- Active: 1943-44 1944-45 1953-60
- Country: United Kingdom
- Branch: Royal Air Force
- Size: Wing
- Last base: RAF Wildenrath

Aircraft flown
- Bomber: Bostons Mitchells

= No. 137 Wing RAF =

No. 137 Wing RAF is a former Royal Air Force wing that was operational during the Second World War and the early Cold War.

The unit was previously No. 137 Airfield Headquarters RAF between 1943 and 1944.

==History==
No. 137 Airfield Headquarters was formed on 14 November 1943 at RAF Hartford Bridge (renamed to RAF Blackbushe on 18 November 1944) within No. 2 Group RAF. It consisted of:
- No. 88 (Hong Kong) Squadron RAF
- No. 107 Squadron RAF
- No. 342 (GB I/20 'Lorraine') Squadron RAF
which flew Douglas Bostons and North American Mitchells.

The unit was disbanded on 12 May 1944 and became No. 137 Wing.

No. 137 (Bomber) Wing RAF was formed within No. 2 Group RAF, RAF Second Tactical Air Force on 12 May 1944 still at Hartford Bridge, consisting of:
- No. 88 (Hong Kong) Squadron RAF (disbanded 4 April 1945)
- No. 226 Squadron RAF (disbanded 20 September 1945)
- No. 305 Polish Bomber Squadron (arrived 7 September 1945, departed 24 November 1945)
- No. 342 (GB I/20 'Lorraine') Squadron RAF
still with Bostons and Mitchells.
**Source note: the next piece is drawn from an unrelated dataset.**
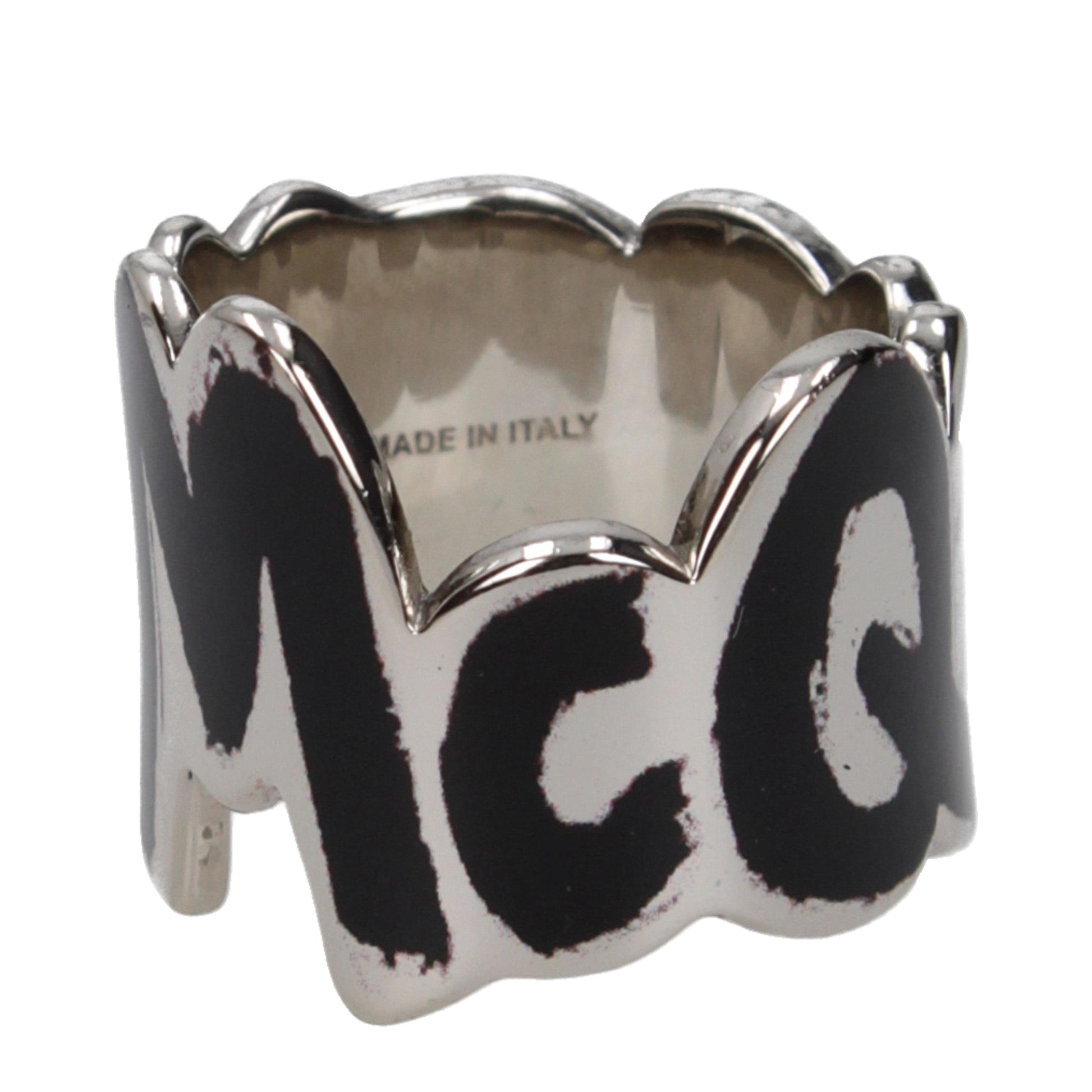 Crafted in Italy from high-quality metallic silver-tone alloy and finished with a contrasting black enamel inlay, it delivers raw energy and unmistakable luxury. The inner band is engraved with the Alexander McQueen logo — a mark of authentic design excellence.
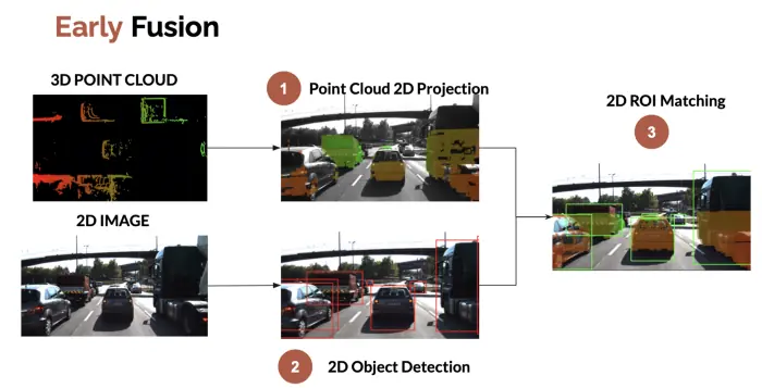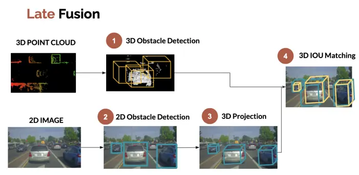 后融合是指摄像头和激光雷达等各传感器独立完成感知任务(如检测、分割),最后在结果层面进行融合(如加权,IOU 匹配等),因此也称之为目标级融合。例如,可以将摄像头的 2D 边界框投影到 3D 边界框,然后将这些边界框与 LiDAR 检测过程中获得的边界框进行融合。

The wing moved to France and Advanced landing ground B.50 Vitry-en-Artois on 17 October 1944, moving to B.77 Glize-Rijen on 22 April 1945. The wing was disbanded on 30 November 1945.

No. 137 Wing RAF was reformed on 1 April 1953 at RAF Wildenrath within No. 83 Group RAF consisting of:
- No. 67 Squadron RAF (departed 5 July 1955)
- No. 71 Squadron RAF (departed 7 July 1955)
- No. 88 (Hong Kong) Squadron RAF (arrived 15 January 1956)
- No. 17 Squadron RAF (arrived 3 April 1957)
The wing was moved to No. 2 Group RAF during August 1958 and was disbanded on 1 January 1960 still at Wildenrath.